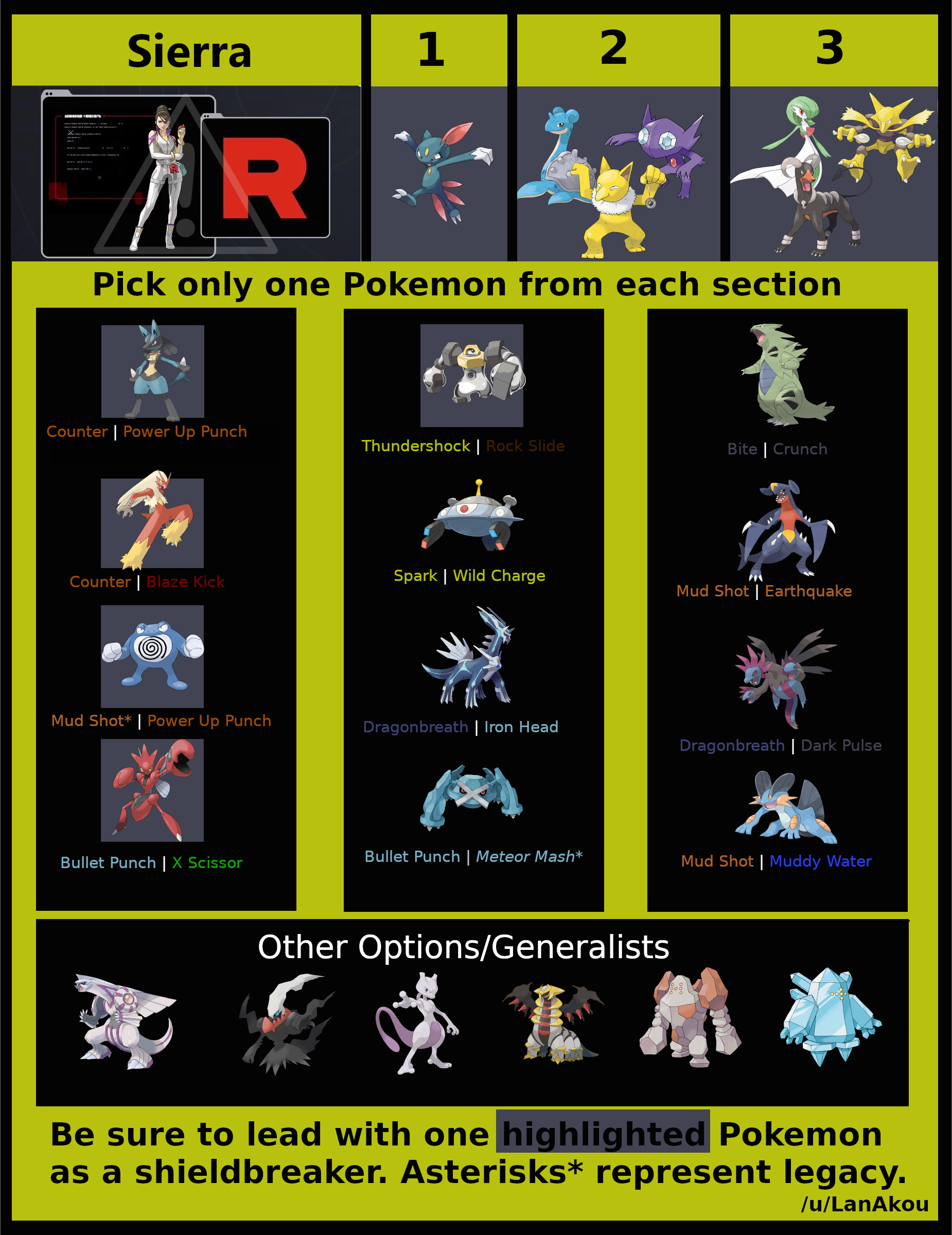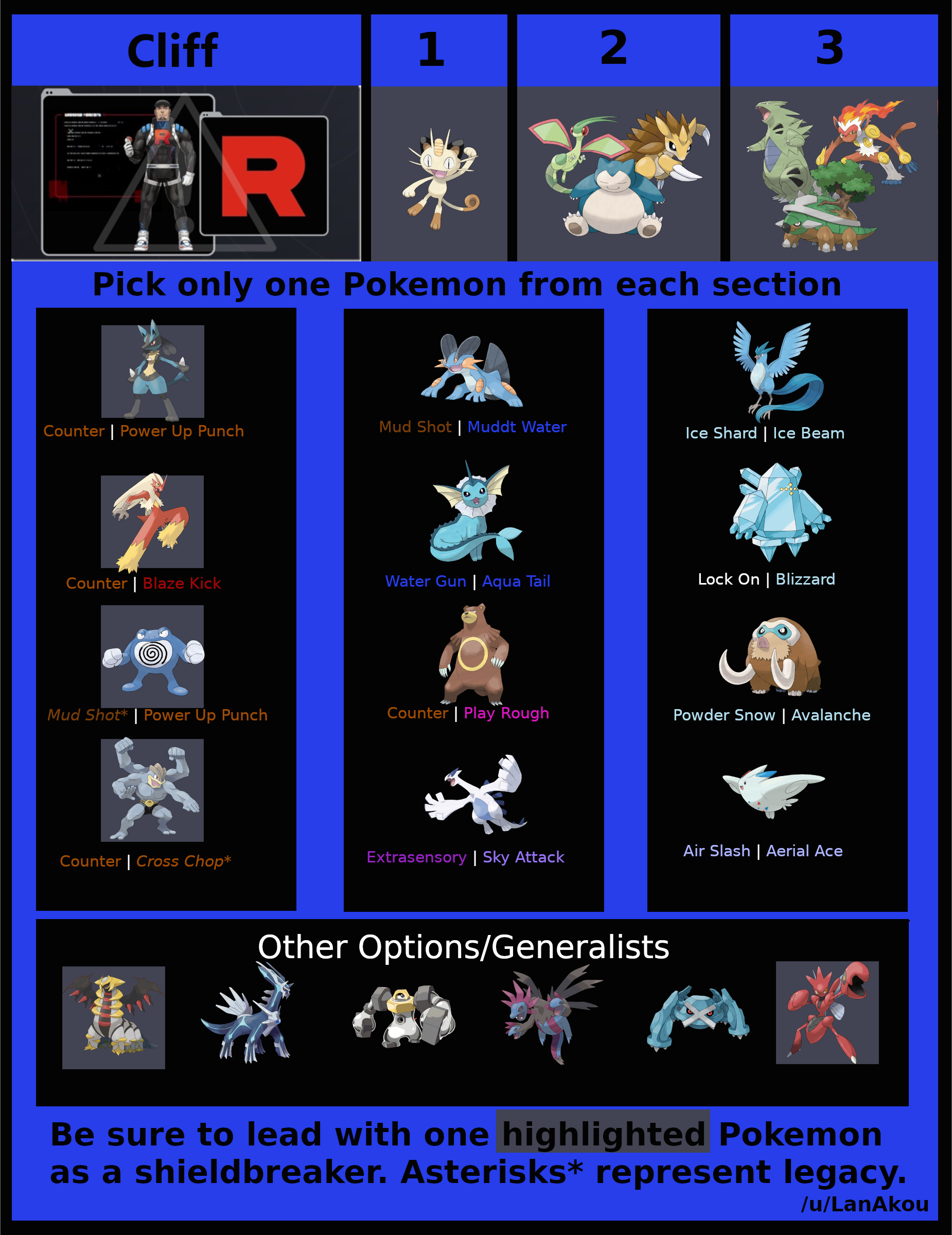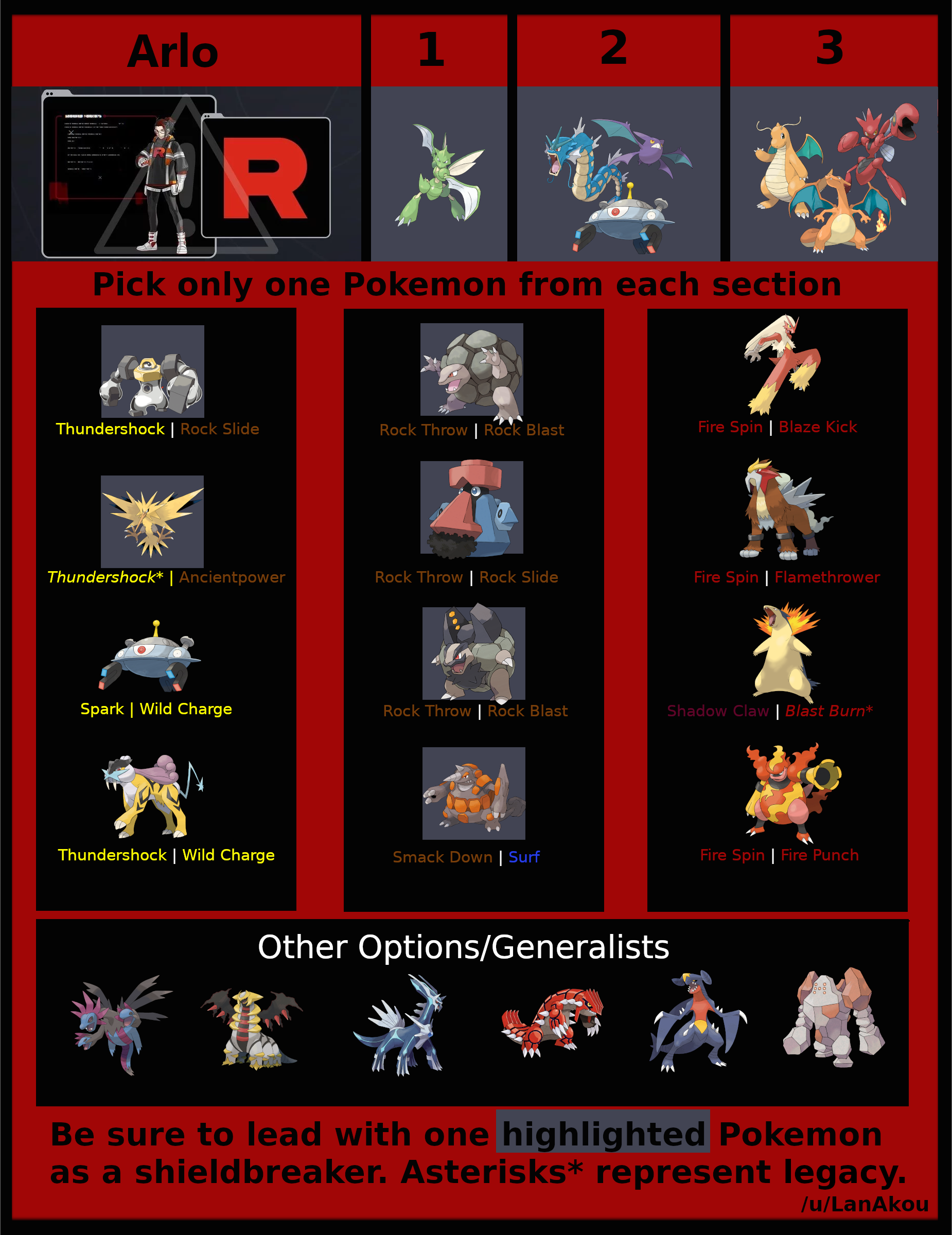 >>72309 Ты вообще понимаешь, что даже у того же Арло разный набор покемонов может быть от встречи к встрече? И эта его комбинация далеко не универсальна.
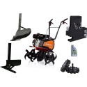 Typ silnika: spalinowy, czterosuwowy, górnozaworowy. Producent silnika: LONCIN. Model silnika: G200F. Pojemność silnika: 196 cm3. Maksymalna moc silnika: 6,5 KM. Maksymalna szerokość robocza: 84 cm. Maksymalna głębokość robocza: 33 cm. Ilość gwiazd roboczych: 6 (3+3). Ilość noży pielących: 24. Bieg do przodu: tak. Bieg wsteczny: tak. Tarcze boczne chroniące rośliny: nie. Ilość kół podporowych: 2 z tyłu. Akcesoria opcjonalne: koła gumowe, metalowe, konsola, pług, obsypnik, wyorywacz, lemiesz, skaryfikator, tarcze boczne.
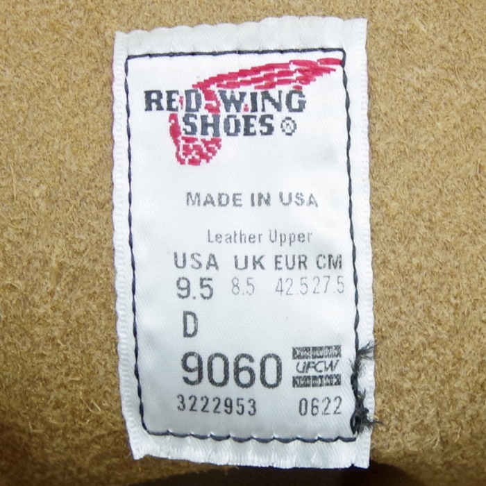 商品名 : RED WING 9060 【US9.5/27.5cm】 【2953】 【正規アウトレット品】 レッド・ウィング 現物画像 ファクトリーセカンド ベックマン フラットボックス
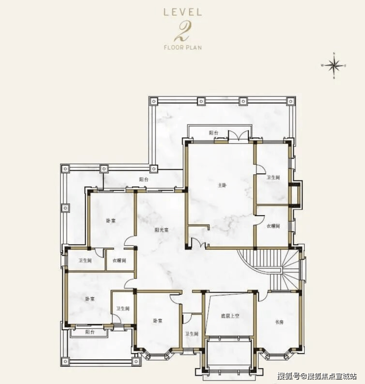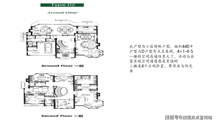纯地上两层,建面约850㎡(7房4厅6卫)
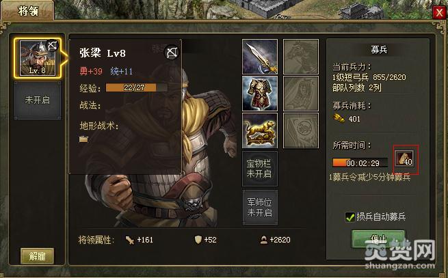 接下来招募士兵之后继续征战,这里可以使用募兵令快速招募。募兵令的作用就是“一个募兵令减少5分钟募兵时间”。

------------

■ TASK GOAL ■
Retype all of the data above word for word, excluding the pictures.

■ WRITTEN SOLUTION ■
 >>72309 Ты вообще понимаешь, что даже у того же Арло разный набор покемонов может быть от встречи к встрече? И эта его комбинация далеко не универсальна.
 Typ silnika: spalinowy, czterosuwowy, górnozaworowy. Producent silnika: LONCIN. Model silnika: G200F. Pojemność silnika: 196 cm3. Maksymalna moc silnika: 6,5 KM. Maksymalna szerokość robocza: 84 cm. Maksymalna głębokość robocza: 33 cm. Ilość gwiazd roboczych: 6 (3+3). Ilość noży pielących: 24. Bieg do przodu: tak. Bieg wsteczny: tak. Tarcze boczne chroniące rośliny: nie. Ilość kół podporowych: 2 z tyłu. Akcesoria opcjonalne: koła gumowe, metalowe, konsola, pług, obsypnik, wyorywacz, lemiesz, skaryfikator, tarcze boczne.
 商品名 : RED WING 9060 【US9.5/27.5cm】 【2953】 【正規アウトレット品】 レッド・ウィング 現物画像 ファクトリーセカンド ベックマン フラットボックス
纯地上两层,建面约850㎡(7房4厅6卫)
 接下来招募士兵之后继续征战,这里可以使用募兵令快速招募。募兵令的作用就是“一个募兵令减少5分钟募兵时间”。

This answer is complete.